> What is being asked
From the records below, please print only the lines from the one containing "Stay stylish and" through the one containing "[3] في الأصل", both included. Skip the pictures.

> Data to process
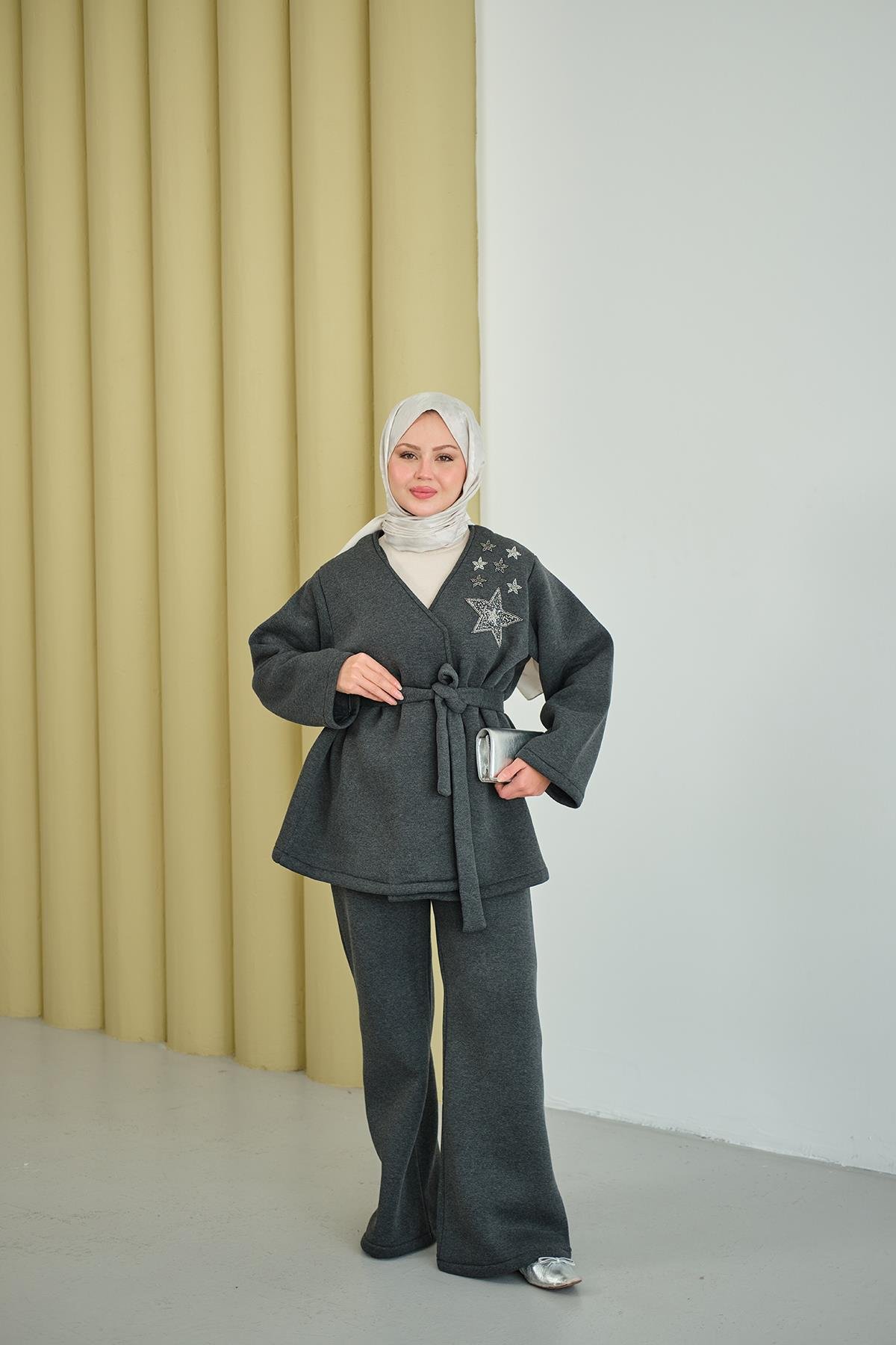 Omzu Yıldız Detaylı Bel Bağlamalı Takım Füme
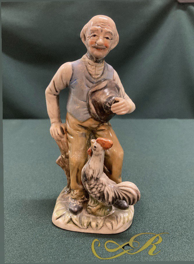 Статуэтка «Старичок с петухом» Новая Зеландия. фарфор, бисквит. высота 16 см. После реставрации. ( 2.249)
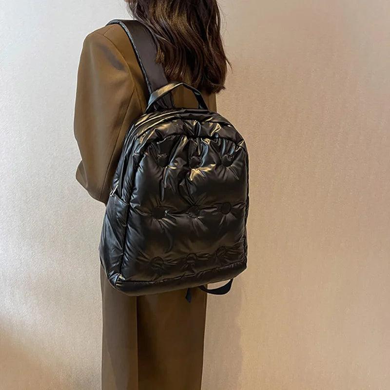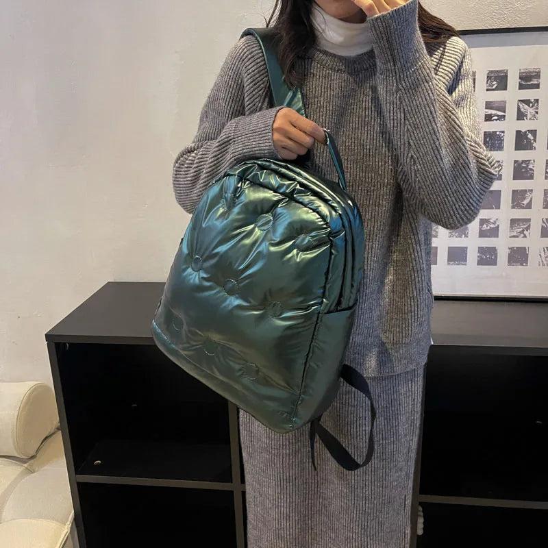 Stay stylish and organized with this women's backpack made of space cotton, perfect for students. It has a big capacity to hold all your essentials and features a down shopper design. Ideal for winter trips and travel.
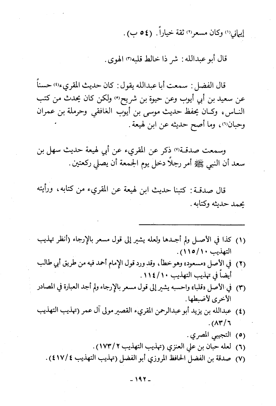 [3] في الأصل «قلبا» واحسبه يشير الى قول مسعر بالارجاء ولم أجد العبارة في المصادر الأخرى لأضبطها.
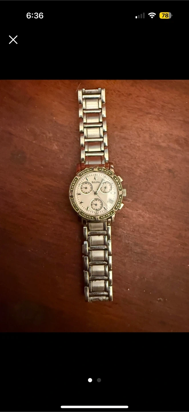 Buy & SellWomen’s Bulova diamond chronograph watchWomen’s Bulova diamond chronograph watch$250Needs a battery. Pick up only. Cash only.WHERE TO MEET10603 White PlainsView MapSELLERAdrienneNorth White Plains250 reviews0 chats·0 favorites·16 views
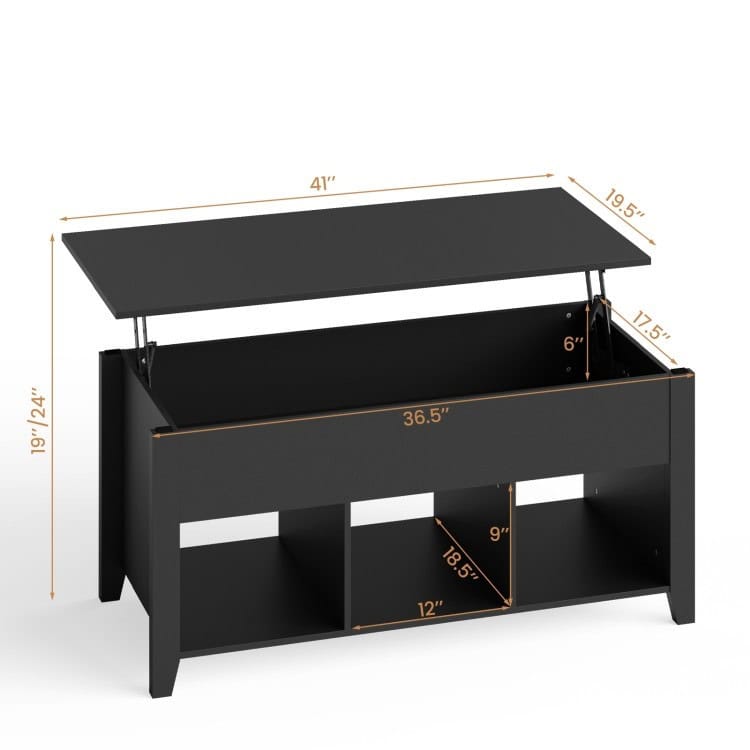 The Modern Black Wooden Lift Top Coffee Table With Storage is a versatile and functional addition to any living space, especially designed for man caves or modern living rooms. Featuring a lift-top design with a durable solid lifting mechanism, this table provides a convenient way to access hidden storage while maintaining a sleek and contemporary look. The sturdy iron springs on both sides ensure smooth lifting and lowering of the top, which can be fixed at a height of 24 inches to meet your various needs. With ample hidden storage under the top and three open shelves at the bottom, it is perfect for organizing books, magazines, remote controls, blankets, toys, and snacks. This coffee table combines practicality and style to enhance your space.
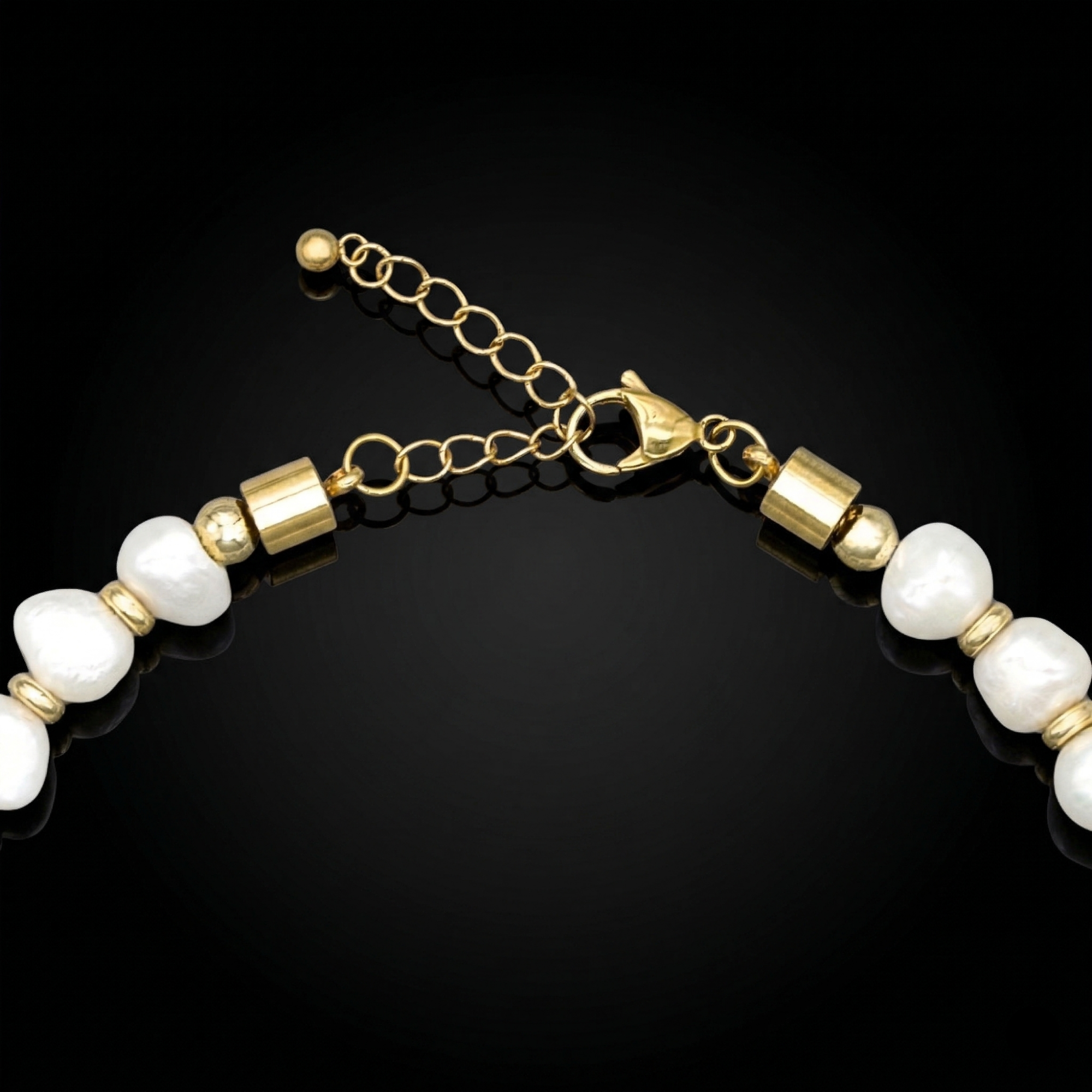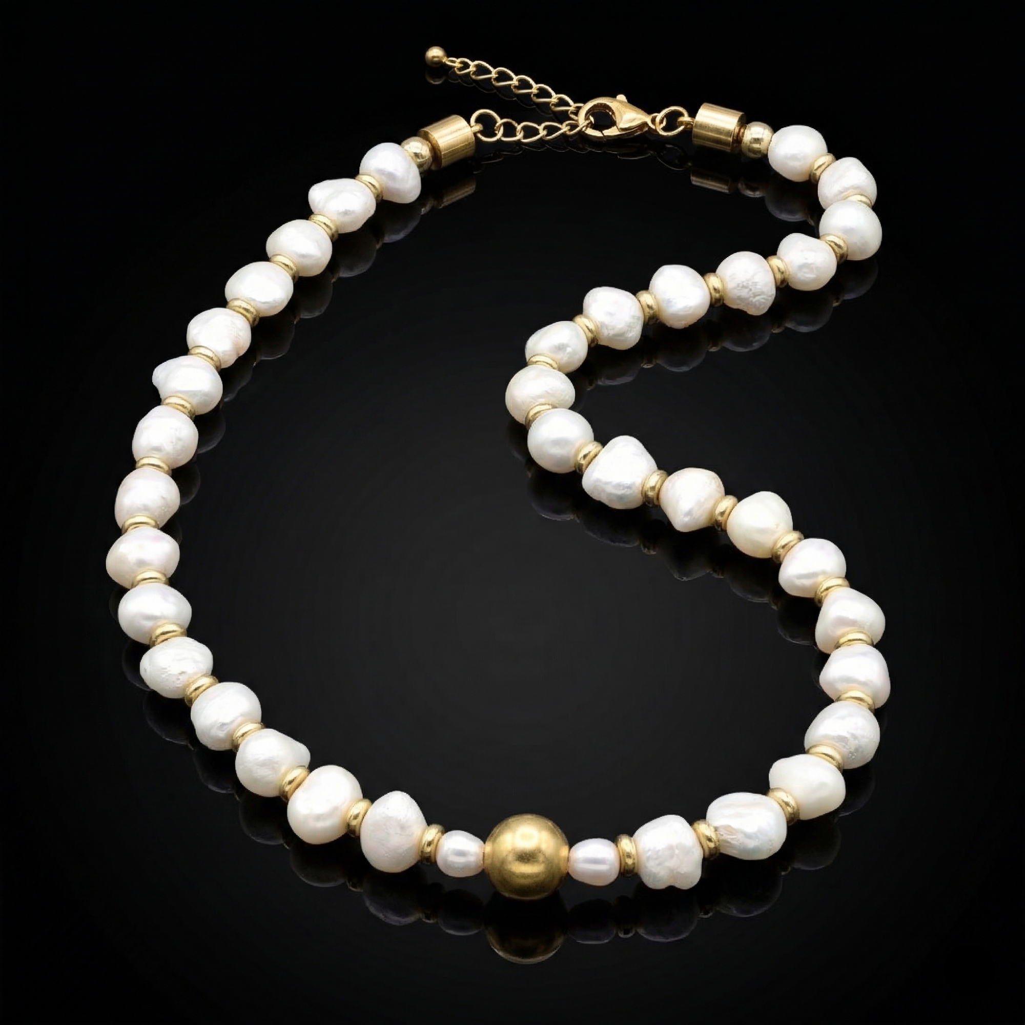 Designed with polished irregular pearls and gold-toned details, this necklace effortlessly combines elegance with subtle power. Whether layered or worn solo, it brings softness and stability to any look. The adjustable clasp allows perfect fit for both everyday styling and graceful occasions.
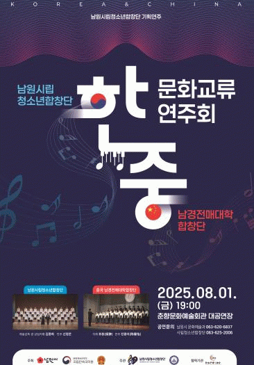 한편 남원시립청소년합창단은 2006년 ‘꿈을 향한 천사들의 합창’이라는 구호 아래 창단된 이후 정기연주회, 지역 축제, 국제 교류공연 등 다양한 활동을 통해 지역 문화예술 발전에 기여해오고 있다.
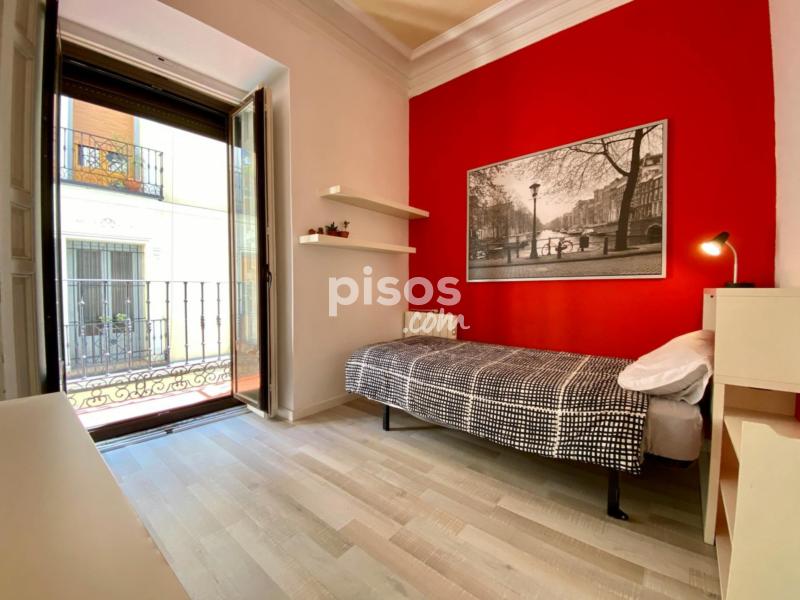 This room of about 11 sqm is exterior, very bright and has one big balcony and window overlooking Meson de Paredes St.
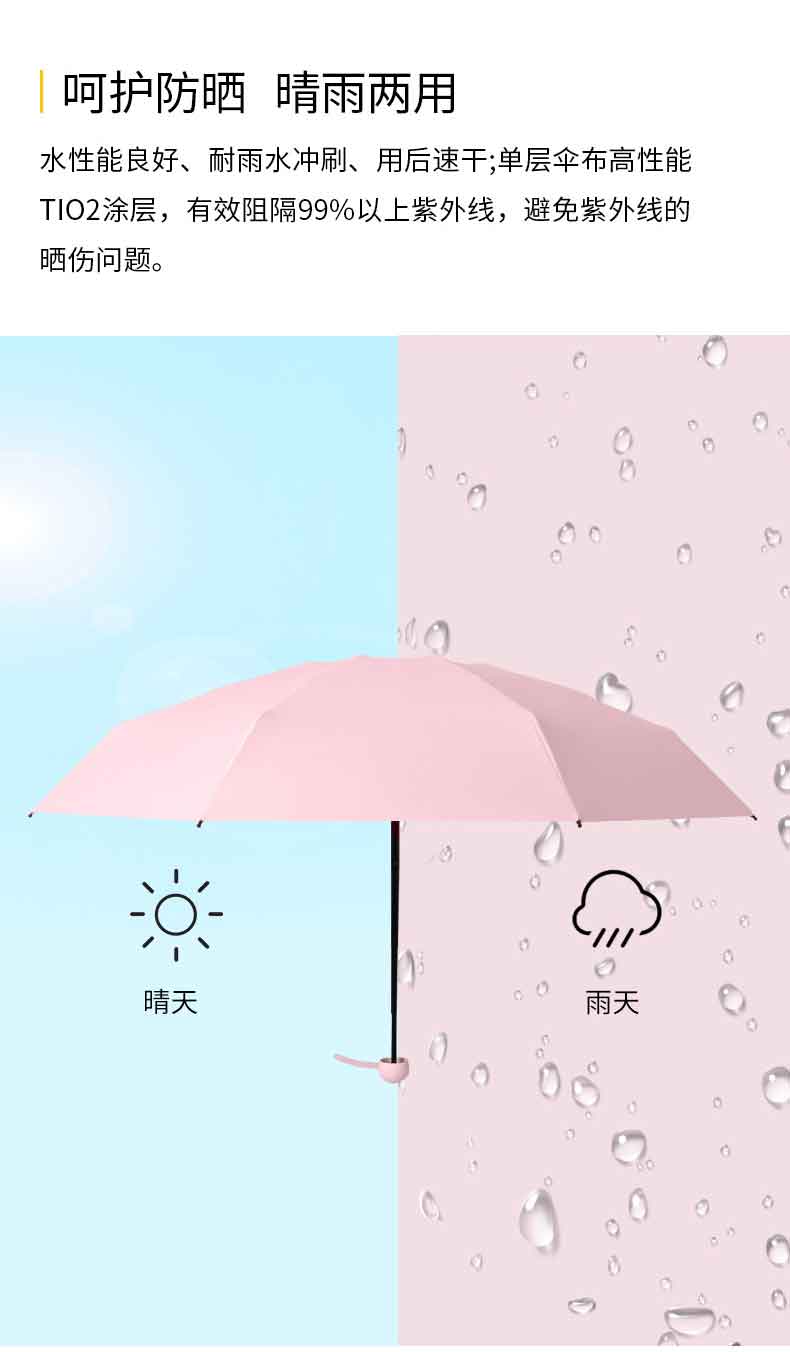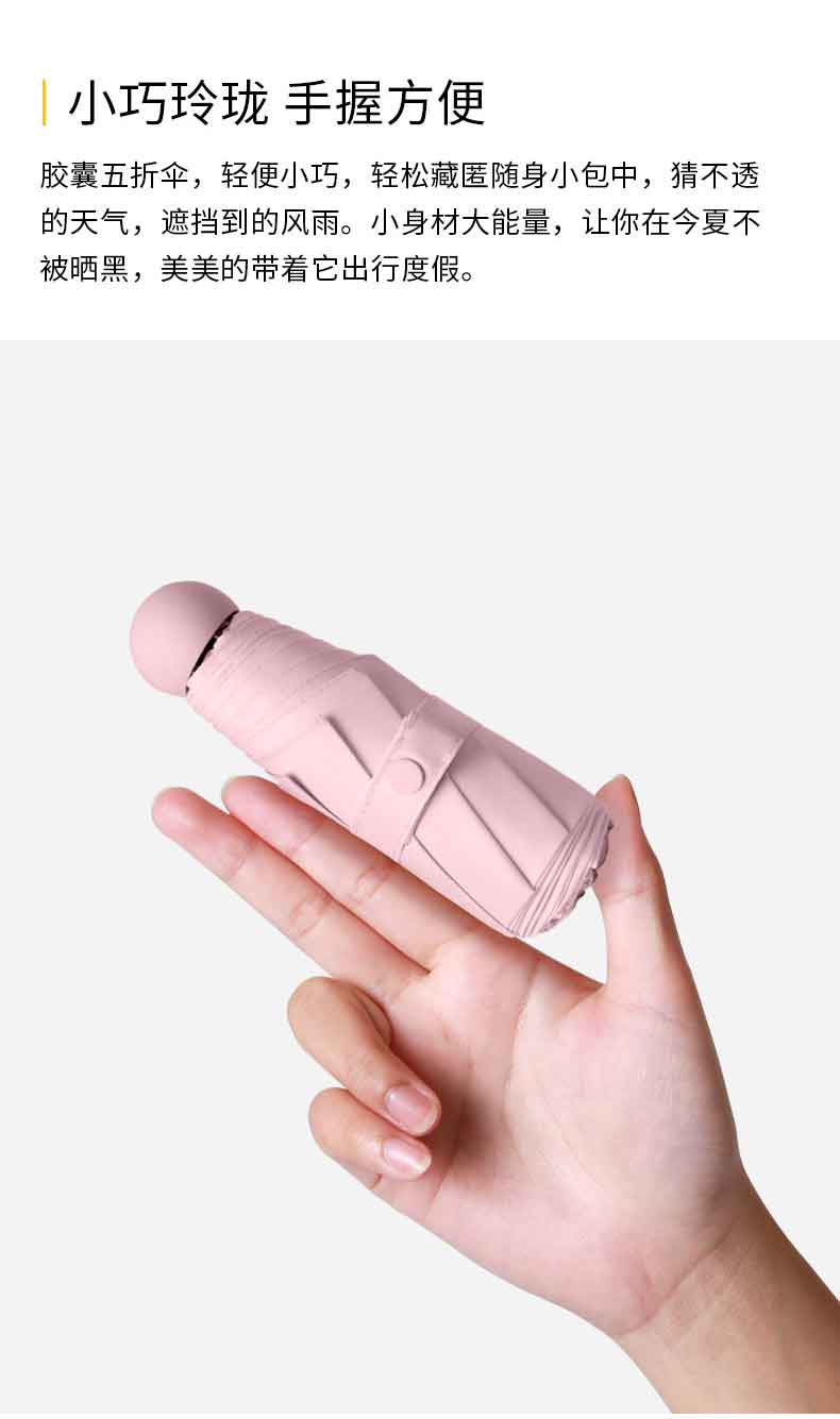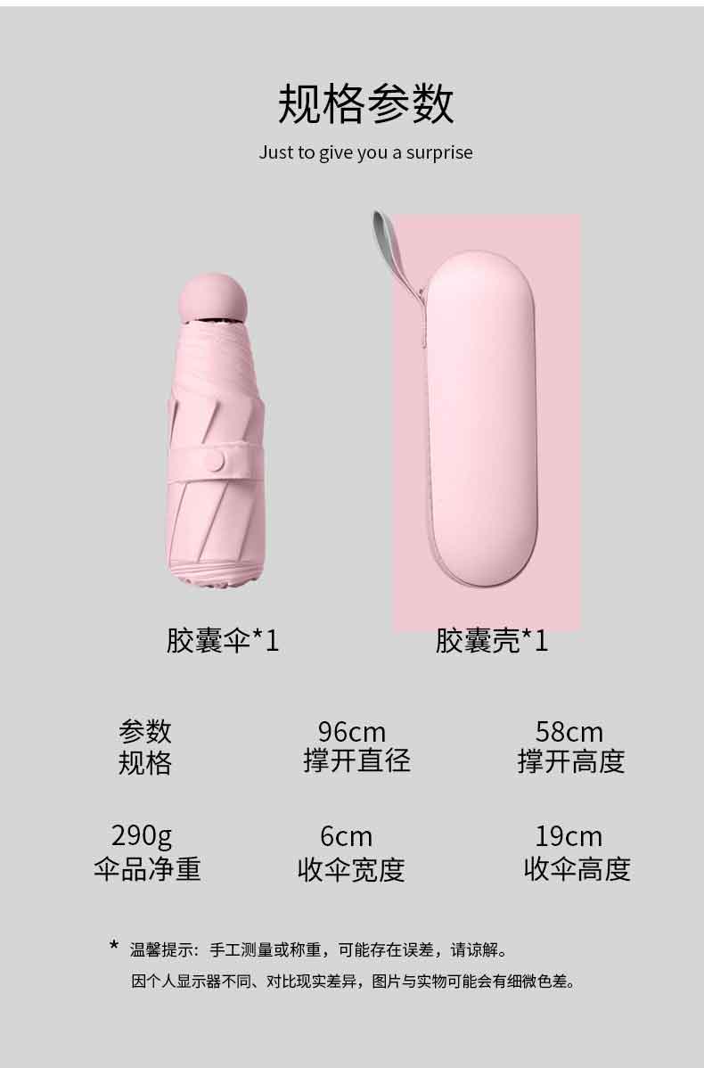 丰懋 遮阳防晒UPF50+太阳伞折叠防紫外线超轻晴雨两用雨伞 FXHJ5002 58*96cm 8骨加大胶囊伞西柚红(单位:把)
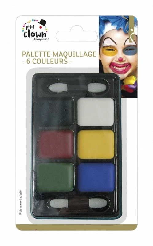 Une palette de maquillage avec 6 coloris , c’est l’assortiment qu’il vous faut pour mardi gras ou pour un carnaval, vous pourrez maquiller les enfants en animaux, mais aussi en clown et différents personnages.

> Exercise output
 Stay stylish and organized with this women's backpack made of space cotton, perfect for students. It has a big capacity to hold all your essentials and features a down shopper design. Ideal for winter trips and travel.
 [3] في الأصل «قلبا» واحسبه يشير الى قول مسعر بالارجاء ولم أجد العبارة في المصادر الأخرى لأضبطها.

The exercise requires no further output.